Exercise data section start

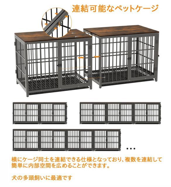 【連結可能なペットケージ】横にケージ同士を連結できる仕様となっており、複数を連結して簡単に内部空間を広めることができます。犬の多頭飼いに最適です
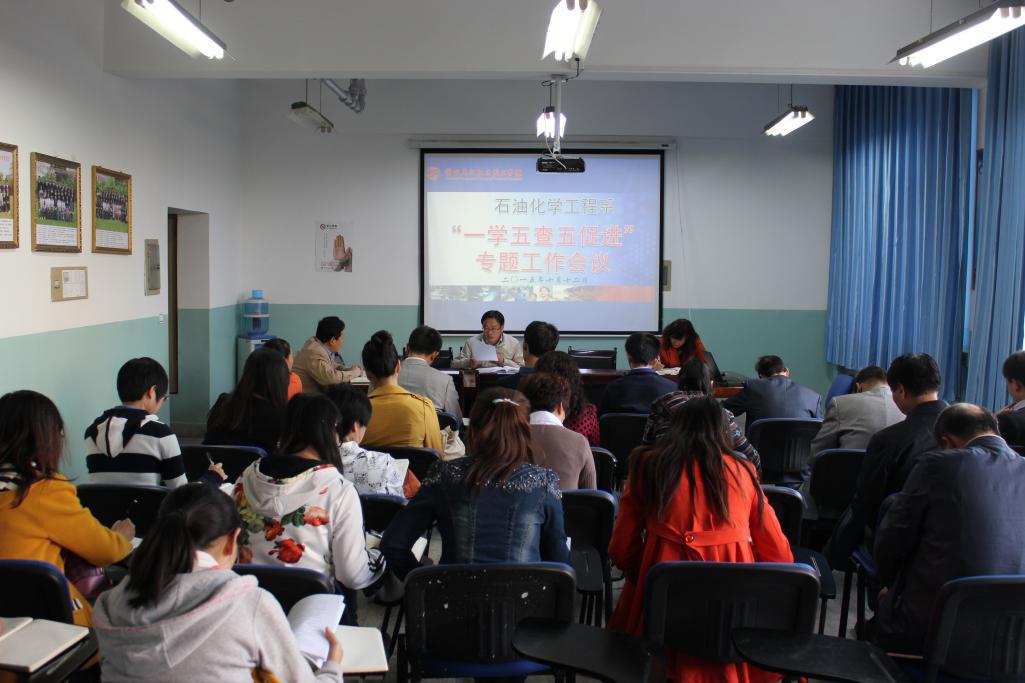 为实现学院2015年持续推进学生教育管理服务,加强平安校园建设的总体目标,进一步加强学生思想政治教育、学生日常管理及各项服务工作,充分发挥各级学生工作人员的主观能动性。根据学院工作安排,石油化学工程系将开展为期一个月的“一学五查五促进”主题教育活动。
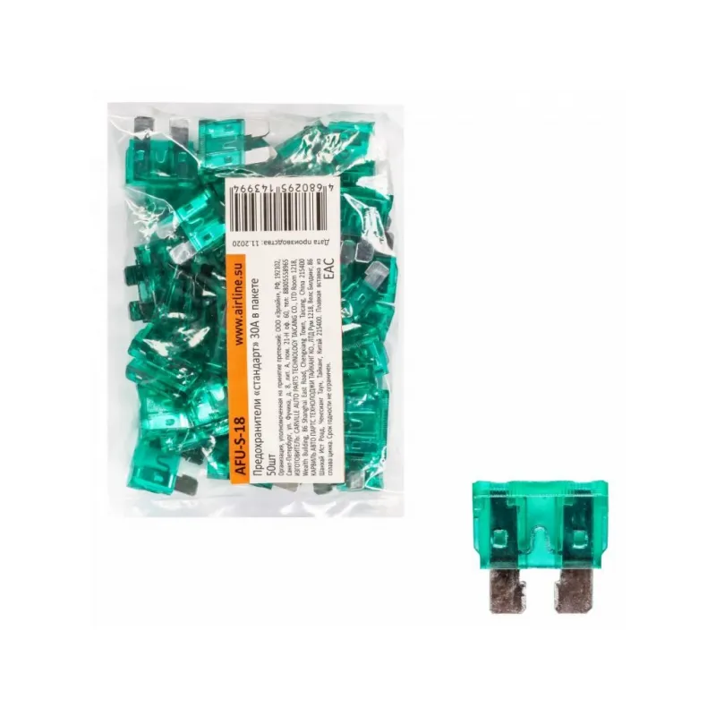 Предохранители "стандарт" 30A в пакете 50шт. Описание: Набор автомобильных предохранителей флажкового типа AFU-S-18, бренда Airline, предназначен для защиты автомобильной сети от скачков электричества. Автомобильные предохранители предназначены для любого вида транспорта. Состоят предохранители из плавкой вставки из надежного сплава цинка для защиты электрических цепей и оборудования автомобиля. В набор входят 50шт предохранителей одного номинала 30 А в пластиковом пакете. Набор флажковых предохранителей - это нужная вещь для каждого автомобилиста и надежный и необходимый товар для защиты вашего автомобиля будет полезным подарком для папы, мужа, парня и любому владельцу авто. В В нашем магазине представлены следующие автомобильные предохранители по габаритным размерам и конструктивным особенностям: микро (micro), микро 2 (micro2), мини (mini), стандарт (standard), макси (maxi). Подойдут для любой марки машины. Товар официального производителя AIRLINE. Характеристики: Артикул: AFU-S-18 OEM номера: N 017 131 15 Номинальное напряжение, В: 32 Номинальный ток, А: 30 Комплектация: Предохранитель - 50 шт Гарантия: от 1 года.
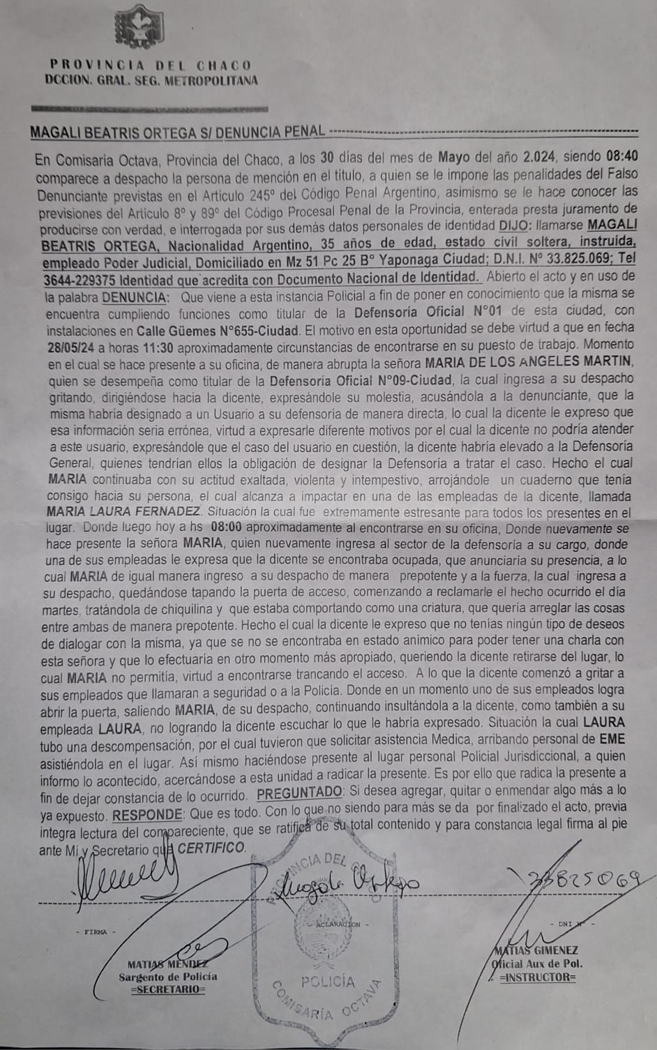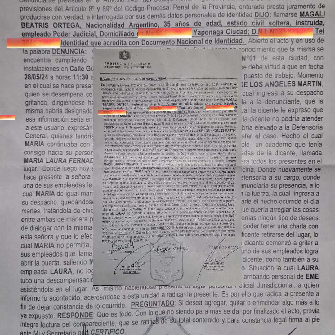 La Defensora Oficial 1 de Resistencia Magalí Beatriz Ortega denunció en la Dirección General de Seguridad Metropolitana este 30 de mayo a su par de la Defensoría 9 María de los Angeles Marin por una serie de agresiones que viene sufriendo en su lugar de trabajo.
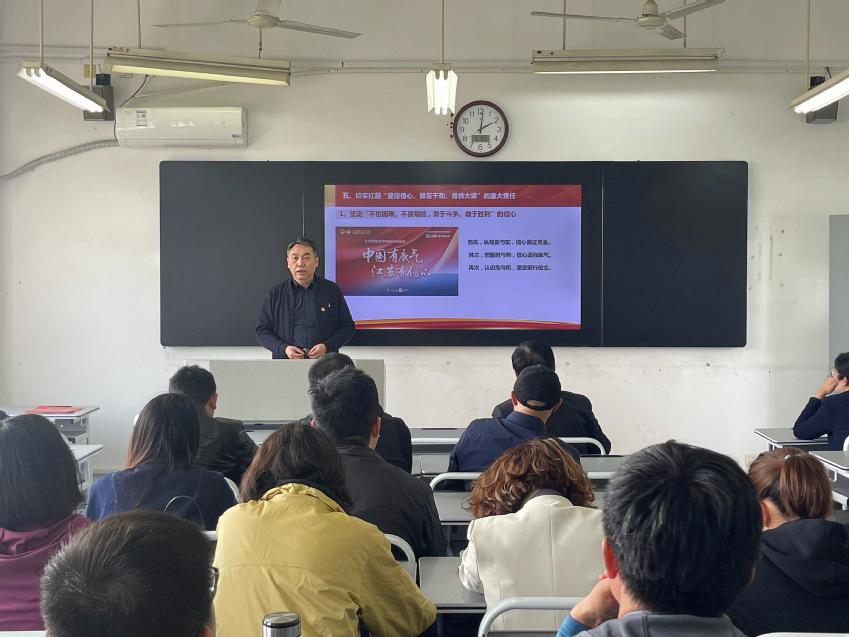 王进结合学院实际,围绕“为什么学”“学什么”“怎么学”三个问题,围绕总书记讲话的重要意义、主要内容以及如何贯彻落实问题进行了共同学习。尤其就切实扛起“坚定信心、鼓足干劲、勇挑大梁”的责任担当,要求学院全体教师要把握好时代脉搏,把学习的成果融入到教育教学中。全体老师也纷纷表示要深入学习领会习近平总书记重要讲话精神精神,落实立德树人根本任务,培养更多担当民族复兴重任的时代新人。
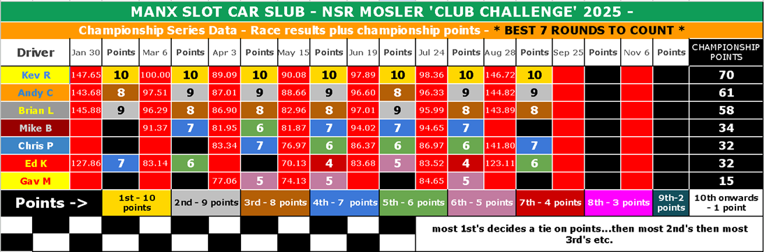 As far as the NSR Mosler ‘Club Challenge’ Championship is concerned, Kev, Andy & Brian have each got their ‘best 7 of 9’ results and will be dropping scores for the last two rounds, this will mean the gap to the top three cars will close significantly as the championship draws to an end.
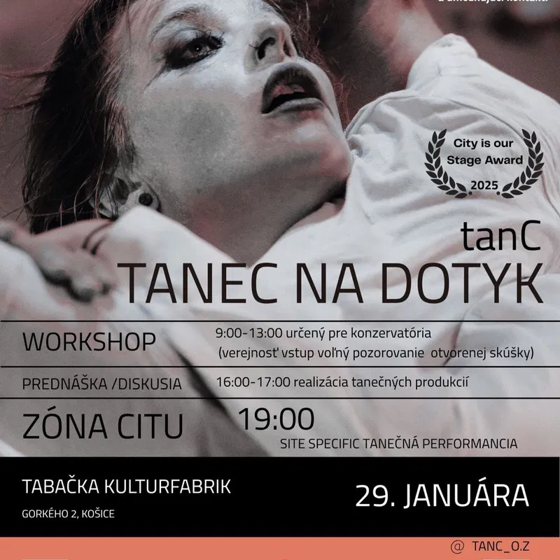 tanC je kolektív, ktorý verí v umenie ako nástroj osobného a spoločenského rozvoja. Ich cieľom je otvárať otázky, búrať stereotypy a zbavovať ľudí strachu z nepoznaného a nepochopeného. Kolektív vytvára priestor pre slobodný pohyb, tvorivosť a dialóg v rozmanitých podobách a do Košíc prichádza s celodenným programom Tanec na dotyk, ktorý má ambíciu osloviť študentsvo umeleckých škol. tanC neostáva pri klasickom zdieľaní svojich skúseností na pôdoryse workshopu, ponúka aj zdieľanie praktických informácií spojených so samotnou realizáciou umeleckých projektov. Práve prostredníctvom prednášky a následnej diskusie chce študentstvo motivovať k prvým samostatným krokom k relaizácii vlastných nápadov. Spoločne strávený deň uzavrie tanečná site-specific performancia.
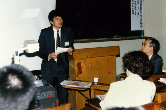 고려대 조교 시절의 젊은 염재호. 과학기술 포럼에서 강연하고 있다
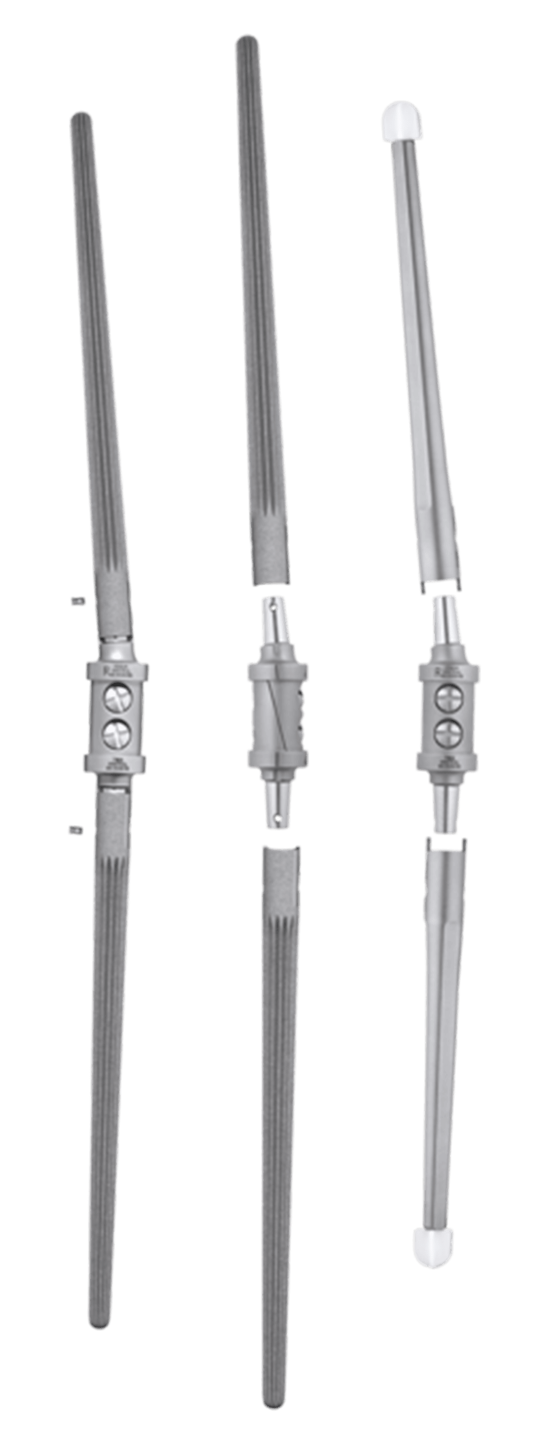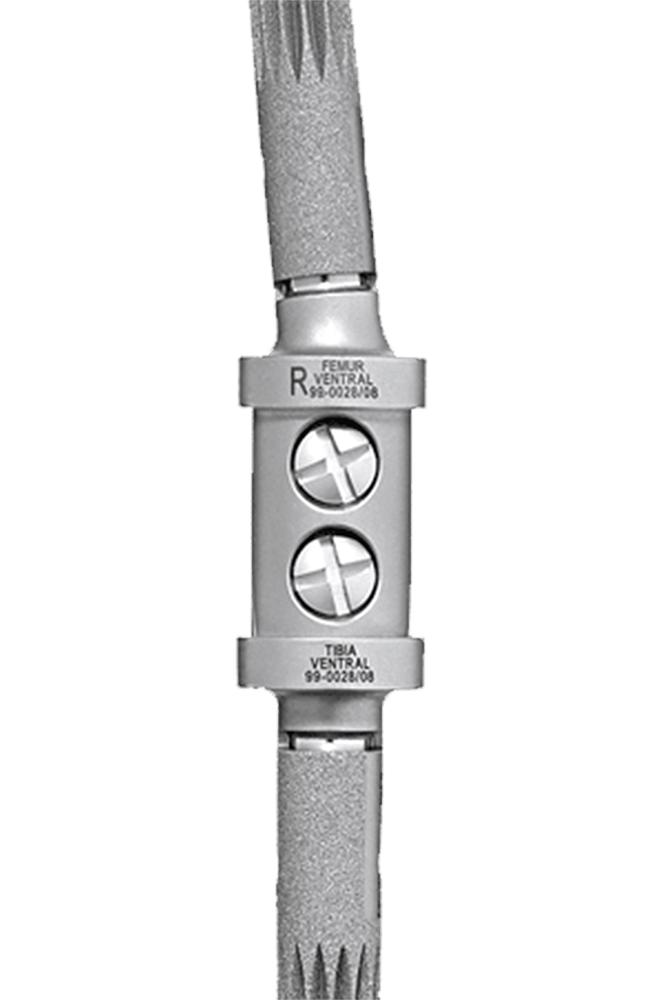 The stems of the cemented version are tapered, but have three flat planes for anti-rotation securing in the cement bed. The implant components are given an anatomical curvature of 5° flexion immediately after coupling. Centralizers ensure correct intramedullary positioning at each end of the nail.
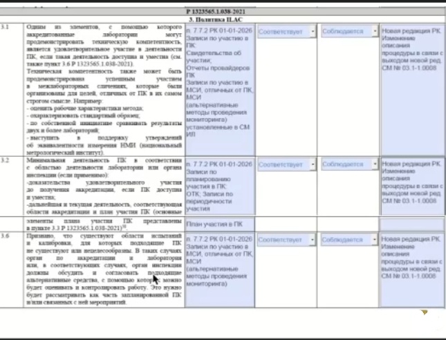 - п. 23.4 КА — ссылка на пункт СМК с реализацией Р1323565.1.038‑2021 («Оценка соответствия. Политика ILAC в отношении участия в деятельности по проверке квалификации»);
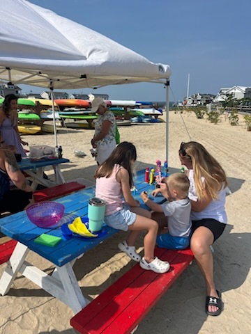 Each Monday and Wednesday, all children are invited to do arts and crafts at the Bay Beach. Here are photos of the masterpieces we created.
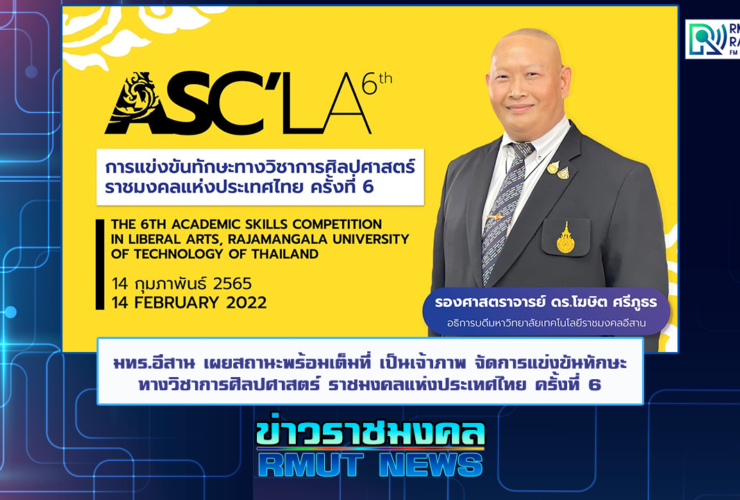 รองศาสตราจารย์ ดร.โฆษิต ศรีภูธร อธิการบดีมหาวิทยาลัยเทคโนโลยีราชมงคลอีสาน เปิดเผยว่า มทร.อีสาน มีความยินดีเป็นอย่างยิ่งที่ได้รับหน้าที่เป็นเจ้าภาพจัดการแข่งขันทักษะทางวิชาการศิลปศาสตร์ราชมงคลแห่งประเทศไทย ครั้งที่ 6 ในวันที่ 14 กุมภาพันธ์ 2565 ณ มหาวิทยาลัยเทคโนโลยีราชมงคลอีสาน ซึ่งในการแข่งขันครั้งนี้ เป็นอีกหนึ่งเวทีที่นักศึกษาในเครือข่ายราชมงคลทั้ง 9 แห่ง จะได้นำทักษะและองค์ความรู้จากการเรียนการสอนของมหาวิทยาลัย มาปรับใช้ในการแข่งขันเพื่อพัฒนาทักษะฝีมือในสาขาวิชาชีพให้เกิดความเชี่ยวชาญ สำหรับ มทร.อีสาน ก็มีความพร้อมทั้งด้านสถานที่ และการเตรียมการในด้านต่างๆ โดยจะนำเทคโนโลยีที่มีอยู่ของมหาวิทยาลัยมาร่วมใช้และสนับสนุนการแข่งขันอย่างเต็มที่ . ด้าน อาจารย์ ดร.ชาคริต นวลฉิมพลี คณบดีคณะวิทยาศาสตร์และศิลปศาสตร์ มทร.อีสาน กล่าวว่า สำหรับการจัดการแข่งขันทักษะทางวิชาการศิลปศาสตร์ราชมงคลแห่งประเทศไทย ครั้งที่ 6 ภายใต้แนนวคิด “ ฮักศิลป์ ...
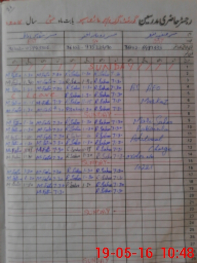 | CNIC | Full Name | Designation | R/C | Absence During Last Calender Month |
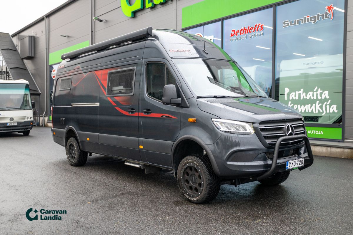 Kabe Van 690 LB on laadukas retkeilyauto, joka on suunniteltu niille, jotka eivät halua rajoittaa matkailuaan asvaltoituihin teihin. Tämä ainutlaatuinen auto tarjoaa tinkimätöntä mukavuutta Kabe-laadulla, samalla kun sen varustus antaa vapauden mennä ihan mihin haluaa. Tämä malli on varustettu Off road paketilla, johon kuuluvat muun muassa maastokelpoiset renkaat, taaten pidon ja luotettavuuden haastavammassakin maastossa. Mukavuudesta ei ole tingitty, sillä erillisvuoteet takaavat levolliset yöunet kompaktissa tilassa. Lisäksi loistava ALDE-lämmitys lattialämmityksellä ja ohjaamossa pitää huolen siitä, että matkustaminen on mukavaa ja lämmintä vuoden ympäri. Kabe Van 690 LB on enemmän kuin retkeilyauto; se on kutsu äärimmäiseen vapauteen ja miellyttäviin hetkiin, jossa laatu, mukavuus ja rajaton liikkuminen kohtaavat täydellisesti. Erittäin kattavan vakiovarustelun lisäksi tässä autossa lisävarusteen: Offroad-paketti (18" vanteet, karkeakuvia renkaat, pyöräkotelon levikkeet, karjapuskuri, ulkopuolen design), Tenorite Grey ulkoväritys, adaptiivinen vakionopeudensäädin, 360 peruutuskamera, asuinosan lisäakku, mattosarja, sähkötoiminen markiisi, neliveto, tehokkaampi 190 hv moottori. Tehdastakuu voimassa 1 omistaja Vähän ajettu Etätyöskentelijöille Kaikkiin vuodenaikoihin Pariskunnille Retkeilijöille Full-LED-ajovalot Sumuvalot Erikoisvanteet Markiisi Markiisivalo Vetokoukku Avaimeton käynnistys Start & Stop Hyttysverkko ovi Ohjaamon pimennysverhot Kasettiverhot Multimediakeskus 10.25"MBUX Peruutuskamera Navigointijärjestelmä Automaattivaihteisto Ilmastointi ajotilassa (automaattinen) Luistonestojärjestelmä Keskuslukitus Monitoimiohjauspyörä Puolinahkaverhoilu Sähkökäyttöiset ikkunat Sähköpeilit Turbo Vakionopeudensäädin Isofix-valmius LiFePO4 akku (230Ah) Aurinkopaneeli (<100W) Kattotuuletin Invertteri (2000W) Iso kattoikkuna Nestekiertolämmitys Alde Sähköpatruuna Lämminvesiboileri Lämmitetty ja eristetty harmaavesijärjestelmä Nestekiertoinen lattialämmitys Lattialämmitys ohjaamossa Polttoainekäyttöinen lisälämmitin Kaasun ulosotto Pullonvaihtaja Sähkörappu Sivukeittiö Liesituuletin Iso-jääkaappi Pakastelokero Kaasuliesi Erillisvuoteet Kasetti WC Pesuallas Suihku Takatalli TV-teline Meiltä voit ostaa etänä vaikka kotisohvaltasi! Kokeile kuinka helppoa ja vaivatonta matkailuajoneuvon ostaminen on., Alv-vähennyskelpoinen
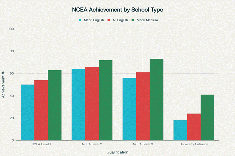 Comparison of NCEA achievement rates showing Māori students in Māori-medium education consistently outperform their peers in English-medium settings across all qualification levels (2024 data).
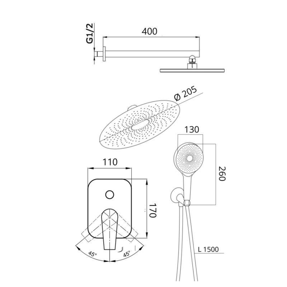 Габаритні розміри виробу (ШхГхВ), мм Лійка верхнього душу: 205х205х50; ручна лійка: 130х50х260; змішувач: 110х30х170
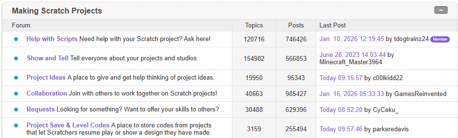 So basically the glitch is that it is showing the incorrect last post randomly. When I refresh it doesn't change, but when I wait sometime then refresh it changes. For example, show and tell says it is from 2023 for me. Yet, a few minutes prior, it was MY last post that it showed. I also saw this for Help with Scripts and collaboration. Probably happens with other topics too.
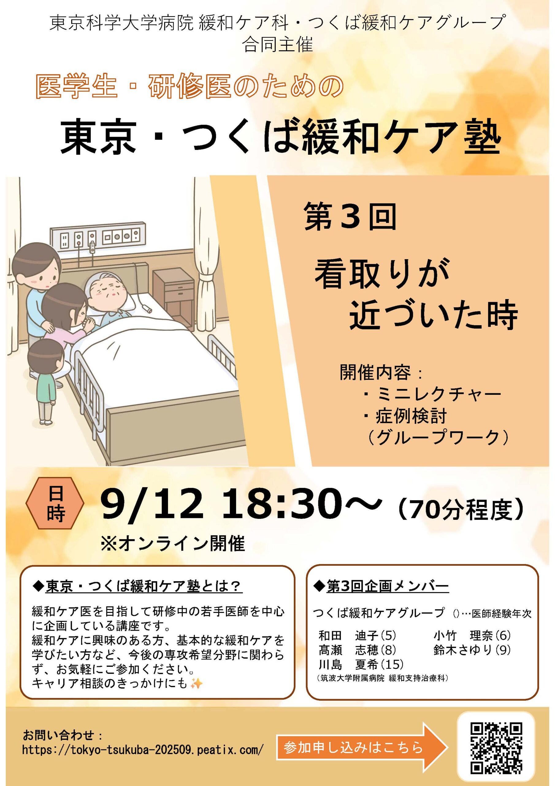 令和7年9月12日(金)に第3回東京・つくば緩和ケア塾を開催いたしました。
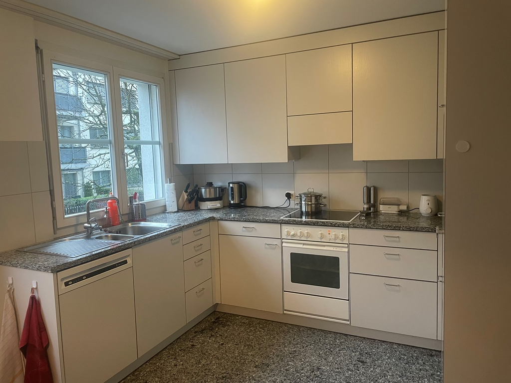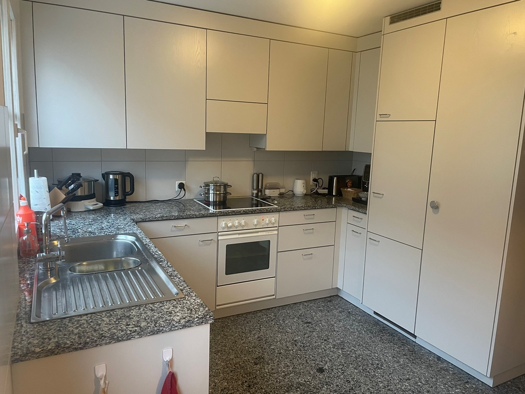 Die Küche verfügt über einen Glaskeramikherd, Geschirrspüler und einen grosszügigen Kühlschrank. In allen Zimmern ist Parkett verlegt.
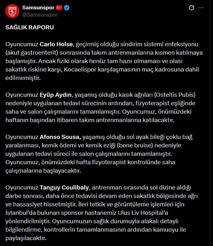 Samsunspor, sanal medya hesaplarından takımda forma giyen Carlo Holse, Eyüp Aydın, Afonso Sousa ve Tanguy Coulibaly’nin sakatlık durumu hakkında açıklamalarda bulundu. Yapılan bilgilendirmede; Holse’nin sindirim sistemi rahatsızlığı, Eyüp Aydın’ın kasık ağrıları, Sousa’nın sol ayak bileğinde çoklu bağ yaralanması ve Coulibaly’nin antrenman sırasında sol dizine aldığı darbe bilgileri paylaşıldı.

Exercise data section end

Problem to solve
Transcribe exactly, with no pictures, the lines running from the first line of the material through the line holding "La Defensora Oficial".

Answer to the exercise
 【連結可能なペットケージ】横にケージ同士を連結できる仕様となっており、複数を連結して簡単に内部空間を広めることができます。犬の多頭飼いに最適です
 为实现学院2015年持续推进学生教育管理服务,加强平安校园建设的总体目标,进一步加强学生思想政治教育、学生日常管理及各项服务工作,充分发挥各级学生工作人员的主观能动性。根据学院工作安排,石油化学工程系将开展为期一个月的“一学五查五促进”主题教育活动。
 Предохранители "стандарт" 30A в пакете 50шт. Описание: Набор автомобильных предохранителей флажкового типа AFU-S-18, бренда Airline, предназначен для защиты автомобильной сети от скачков электричества. Автомобильные предохранители предназначены для любого вида транспорта. Состоят предохранители из плавкой вставки из надежного сплава цинка для защиты электрических цепей и оборудования автомобиля. В набор входят 50шт предохранителей одного номинала 30 А в пластиковом пакете. Набор флажковых предохранителей - это нужная вещь для каждого автомобилиста и надежный и необходимый товар для защиты вашего автомобиля будет полезным подарком для папы, мужа, парня и любому владельцу авто. В В нашем магазине представлены следующие автомобильные предохранители по габаритным размерам и конструктивным особенностям: микро (micro), микро 2 (micro2), мини (mini), стандарт (standard), макси (maxi). Подойдут для любой марки машины. Товар официального производителя AIRLINE. Характеристики: Артикул: AFU-S-18 OEM номера: N 017 131 15 Номинальное напряжение, В: 32 Номинальный ток, А: 30 Комплектация: Предохранитель - 50 шт Гарантия: от 1 года.
 La Defensora Oficial 1 de Resistencia Magalí Beatriz Ortega denunció en la Dirección General de Seguridad Metropolitana este 30 de mayo a su par de la Defensoría 9 María de los Angeles Marin por una serie de agresiones que viene sufriendo en su lugar de trabajo.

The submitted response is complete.